Syncing with Overleaf (free)

Nowadays I collaborate with a few (too many) authors on Overleaf for a new paper I’m struggling to finish. To make matters worse, I have a free Overleaf account. An easy addition to my list of headaches. The workaround is to be disciplined in pulling and pushing. You don’t want to have the following problem,

... o ---- o ---- A ---- B  origin/master (upstream work)
                   \
                    C  master (your work)

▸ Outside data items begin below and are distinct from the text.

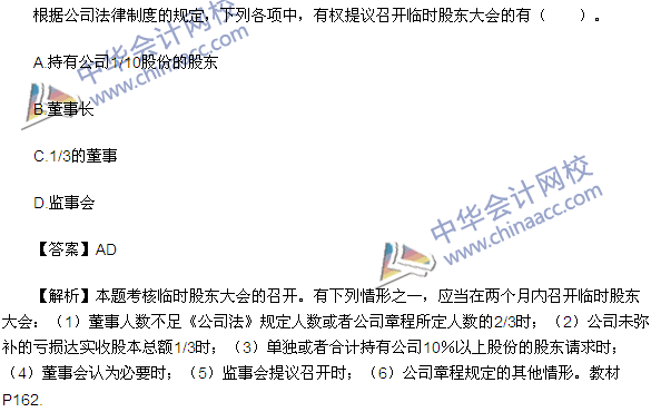 【点评】本题主要考核“公司法律制度”的“利润分配”知识点。该知识点与网校在2015年“梦想成真”系列辅导丛书之《应试指南•注会经济法》168页第25题、《经典题解•注会经济法》161页第24题、《全真模拟试卷•注会经济法》72页第19题中均有所体现。另外,在网校苏苏老师串讲班中提及。
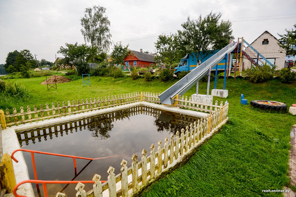 — Прислали ребят, журналиста из районки. Покосили траву, покрасили турники и забор, сделали снимки, отчитались. Ну, хоть какая-то помощь. Хотя я о помощи и не просил, лучше бы просто никто не мешал… Был у меня зампред Гродненского облисполкома. Обсуждали, что делать с бассейном и горкой. Может, до сноса дело и не дойдет. Хотят какой-то альтернативный вариант предложить. Может, заменят желоб на пластиковый, подкорректируют конструкцию — я не буду против. Я и сам хотел из стеклопластика сделать, так в одной фирме насчитали $3500. А пока никакой альтернативы не предложат, я сносить ничего не буду.
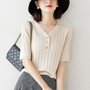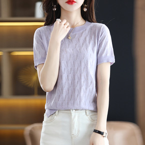 春夏薄款纯色羊毛针织短袖女宽松圆领显瘦镂空打底衫棉...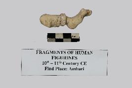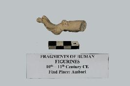 | Description / विवरण | This is a broken fragment of a terracotta human figurine of which only the left leg below the knee has survived. The ankle is adorned with two straps of anklet which looks like beaded jewelry. It is made of kaolin clay. |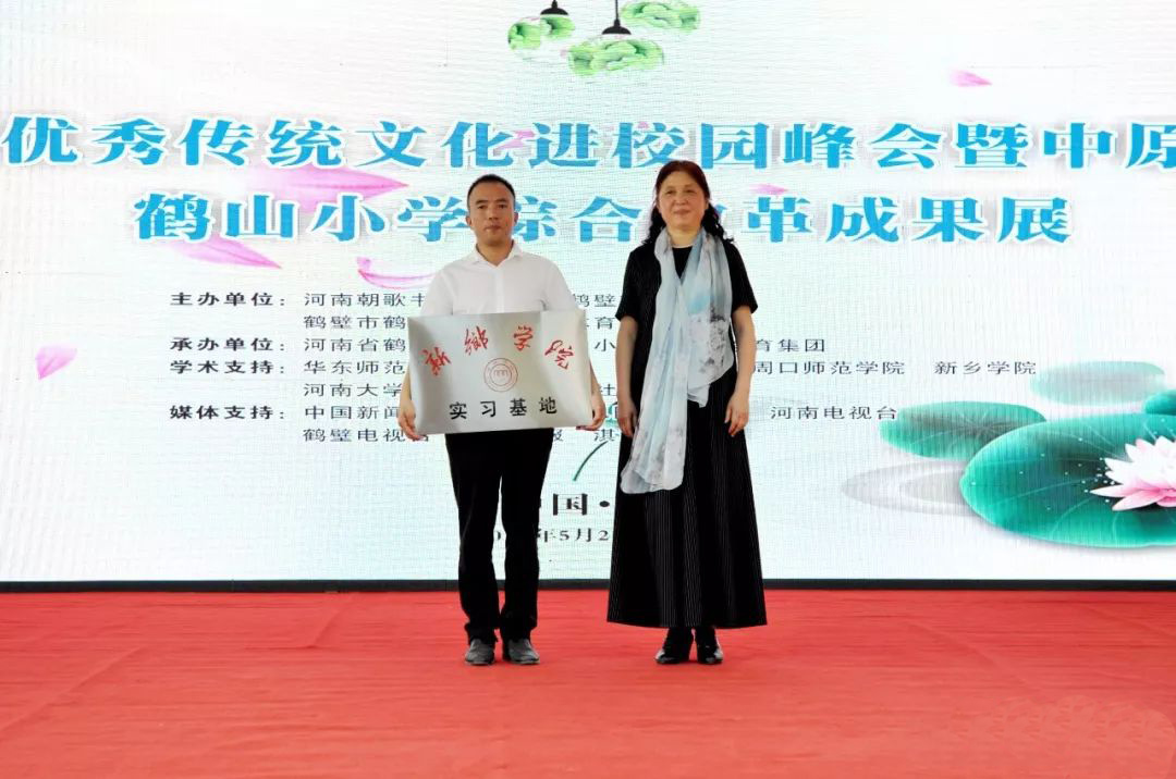 2018年5月25日,beats365唯一官网经理杜丽娟教授应邀参加了“全国优秀传统文化进校园峰会暨中原名校鹤山小学综合改革成果展”,并在峰会开幕式上举行了教育实习基地授牌仪式。

Here, two separate commits B and C were made on remote and local branches respectively. The branches have thus ‘diverged’. According to this StackOverflow post, you can either rebase or merge the two branches. This didn’t work for me. In the end, I had to ditch my local changes in favour of remote changes. This can be done by executing

 git reset --hard origin/master

So for next time, I’ll be doing the following:

  1. Run git fetch origin to get all remote changes. Then run git log origin. Compare commits with git log master (local).
  2. If I observe changes in the previous step, I’ll run git pull.
  3. The latest commit must correspond to my supervisor’s. Run git show HASH:main.tex > main_OLD.tex where HASH refers to the commit hash of a relevant old local commit. HASH doesn’t have to be the whole string, 5-6 characters will do.
  4. Get latexdiff from here. Copy it into the local directory if not already present. Run cp main.tex latexdiff/main.tex && cp main_OLD.tex latexdiff/main_OLD.tex.
  5. Make sure you have Perl installed. Run cd latexdiff and then run latexdiff -t UNDERLINE main_OLD.tex main.tex > main_DIFF.tex.
  6. Copy back to local directory by running cp main_DIFF.tex ../main_DIFF.tex.
  7. Run pdftex on this file and you’re good to go!

Long workaround, but one headache less..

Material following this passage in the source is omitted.